Abstract
Introduction: Sickle cell disease (SCD) is a hereditary hemoglobinopathy characterized by abnormal hemoglobin S that polymerizes to result in vaso-occlusive episodes (VOEs), chronic hemolysis, and progressive end organ dysfunction, ultimately reducing quality of life and life expectancy. Hydroxyurea (HU), the mainstay disease-modifying therapy, improves clinical outcomes and survival in SCD. Timely initiation is critical for disease control, decreasing rates of VOEs, hospitalizations, morbidity, and mortality.
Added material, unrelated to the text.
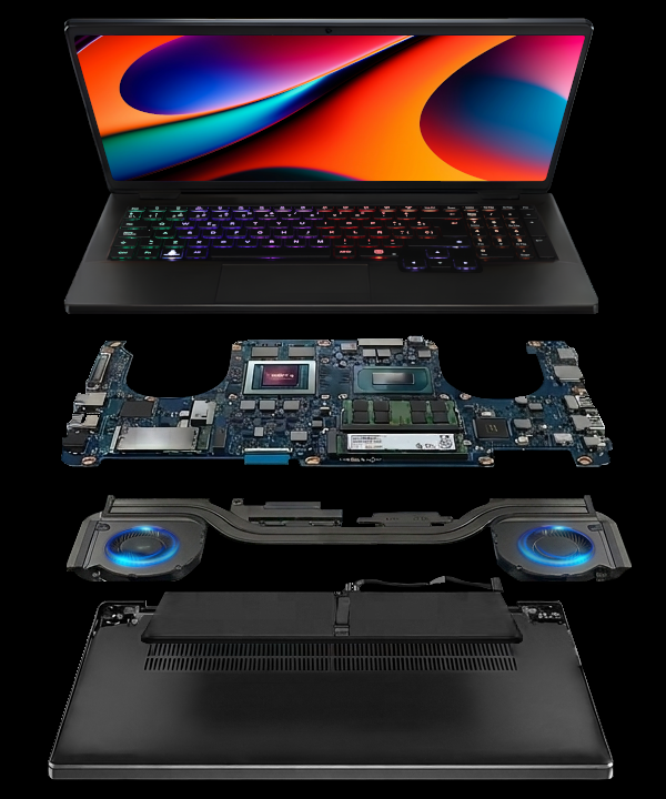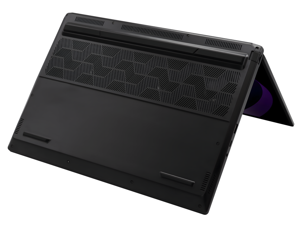 该机采用黑色金属机身,内置 99Wh 电池,重量 1.9kg,厚度 19.9mm。屏幕为 Oxide TFT-LCD 面板,2560×1600 分辨率、180Hz 刷新率、400nits 亮度、100% sRGB 色域。提供 2 条 DDR5 SO-DIMM 内存插槽和 2 个 M.2 PCIe Gen4×4 NVMe 盘位,配备联发科 MT7922A22M Wi-Fi 6E 无线网卡。

SCD is a low prevalence condition in British Columbia (BC), Canada, but rates are rising due to immigration. Newly relocated residents living with SCD often face delays in accessing HU due to system constraints. Currently, HU is a limited-coverage drug for SCD in BC. Patients must either pay directly for their medication, have private coverage through employment, or enroll in a publicly funded, deductible-based medication coverage plan which requires filing an income tax return and providing an income statement. Additionally, physicians must complete an approval request for coverage. In contrast, HU is listed as a Class I benefit for cancer indications which eliminates direct costs to patients and the need for private insurance or approval forms.This study aims to characterize the causes and consequences of delayed HU initiation in patients with SCD after relocating to BC.
Methods: Patients with SCD who were new to the Adult Red Cell Disorders Program of BC between January 1, 2022 to February 28, 2025 were identified. Health records were retrospectively reviewed to identify baseline patient characteristics, baseline disease characteristics, date of first HU use in BC, reasons for HU delays, and complications prior to initiation. Outcomes included acute care utilization and disease-related morbidity prior to HU initiation. Descriptive analyses were applied.
Results: A total of 57 patients were seen in initial consultation at the Adult Red Cell Disorders Program of BC during the study timeframe. Median age at time of consultation was 28 years old (range, 18 – 66 yrs). Most commonly, patients were female (61.4%) and of African descent (78.9%). Few were refugees (10.5%). The predominant genotype was Hb SS (75.4%), followed by Hb SC (21.1%). Concurrent alpha-thalassemia was present in 21.1%. Of the 57 patients, just over half (52.6%) had no prior HU use before relocating to BC. Of the 43.9% with prior use, approximately half (21.1%) discontinued treatment upon relocation due to lack of access. The average interval between arrival in BC and first hematology consultation was 1 year and 8 months, and the average time from consultation to HU initiation was 14 months. In total, 64.9% experienced a delay in HU initiation (defined as not initiating/continuing HU upon arrival), while only 26.3% did not experience a delay. For 8.8% of patients, a delay was not applicable either because there was a medical contraindication (1 patient) or it was not clinically indicated (4 patients). The most common causes of delay included lack of timely referral to a hematologist due to a lack of access to a referring/primary care physician (40.5%), and delays in obtaining medication financial coverage (29.7%). Among the 35 who experienced delays, 24 (68.6%) experienced a SCD complication prior to HU initiation including 51 VOEs requiring healthcare contact and 12 episodes of acute chest syndrome, among others. This led to 14 emergency department visits and 40 hospital admissions. No deaths occurred during the study period. Overall, the healthcare cost of acute care utilization for sickle cell disease complications prior to HU initiation greatly outweighed the cost of the medication.
Conclusions: Patients with SCD who relocate to BC commonly experience delays in HU initiation due to referral lags to hematologists and systemic impediments in obtaining financial coverage. As a result, patients experience high rates of avoidable complications of SCD resulting in significant morbidity and acute care utilization. Efforts should be made to improve access by addressing system-level barriers that lead to delays, thereby improving patient health outcomes and reducing healthcare costs. Addressing this disparity would advance equity, bridging the gap between patients with SCD and those with malignancies, and ensuring that access to an essential medication is determined by clinical need, not diagnosis or systemic bias.